One limitation here is that by asking for participants to report only a single positive and negative memory at each timescale, we showed that surprise correlates with memory accessibility but not necessarily its availability75,143. Probing all or a larger subset of basketball memories could determine whether surprise affects availability as well. Antony et al.7 asked basketball fans to freely recall basketball game clips and found that surprise also drove memory for individual plays when participants were encouraged to respond with everything they could remember. Therefore, this concern has been partially addressed for momentary surprise in laboratory settings, but future studies could examine whether surprise plays a role by probing a broader swath of memories64,65. Another limitation is that, while in some cases, participants spontaneously provided the surrounding context for plays, games or seasons (Extended Data Table 1), we did not rigorously examine whether information before or after surprising events are similarly well-remembered. In laboratory studies, salient events (such as surprise) boost surrounding memories in some models24,144,145, whereas in others they impair them146 or have no effect3,96 (see ref. 147 for a short review), and it would be worthwhile to examine this more rigorously for these real-world contexts148. Finally, the main limitation in this study is that there was no experimental manipulation, meaning that findings were correlational and causal inferences cannot be directly drawn.

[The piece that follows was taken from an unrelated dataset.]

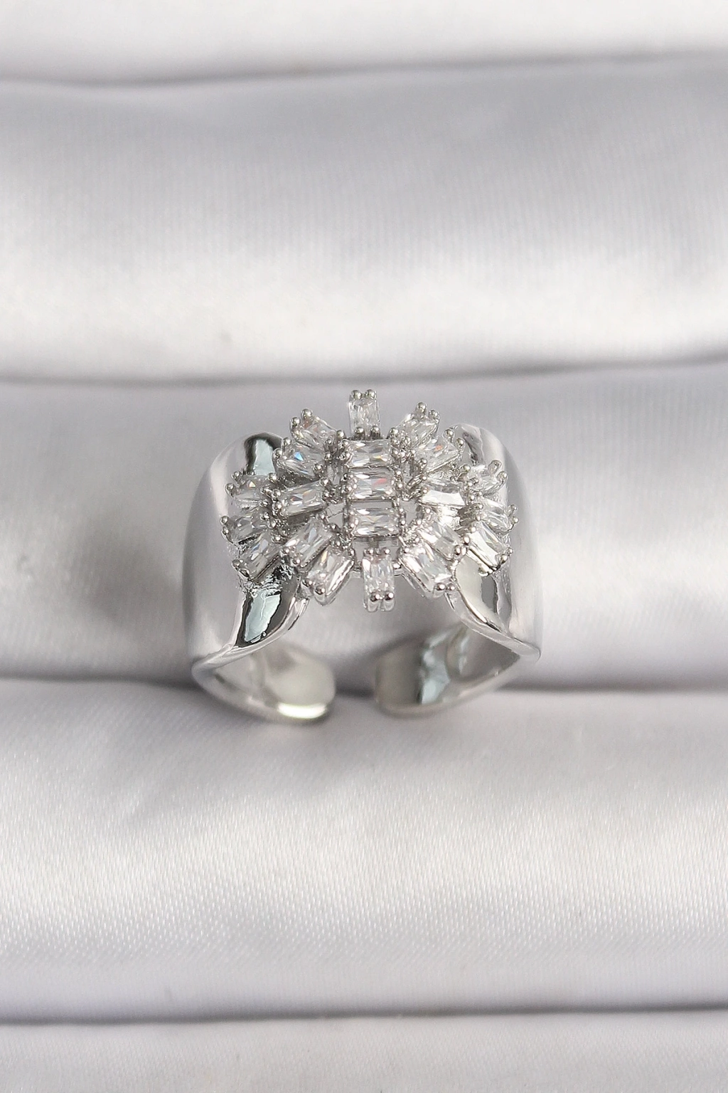 BFS Pirinç Gümüş Renk Ayarlanabilir Baget Zirkon Taş Model Kadın Yüzük

The greatest factor in determining whether an event is surprising is the high-level context149,150 or schema151,152. This factor guides predictions of what should be expected in a particular situation, and therefore surprise varies across domains153. Indeed, the broader literature on surprise includes domains as wide-ranging as music154, language51, politics64,65 and narratives55,151,155,156. In this paper, we used the term ‘surprise’ to refer to changes in game or championship probability. While our data indicate that memories also correlated with other variables, such as seeing spectacular feats of athleticism (which we assess in our spectacularity measure and argue provides another form of surprise), who wins a game or championship may be the most relevant variable for sports fans. If the primary task or context differed, such that they were asked to instead count the number of passes or listen carefully to the commentary, we would expect other factors to drive memory. Just as a routine play (for example, a layup) occurring at a critical moment would be considered highly surprising in our model, an everyday word would be surprising in a particular context (for example, ‘Tornado wind speeds reach over 100 dogs per hour’).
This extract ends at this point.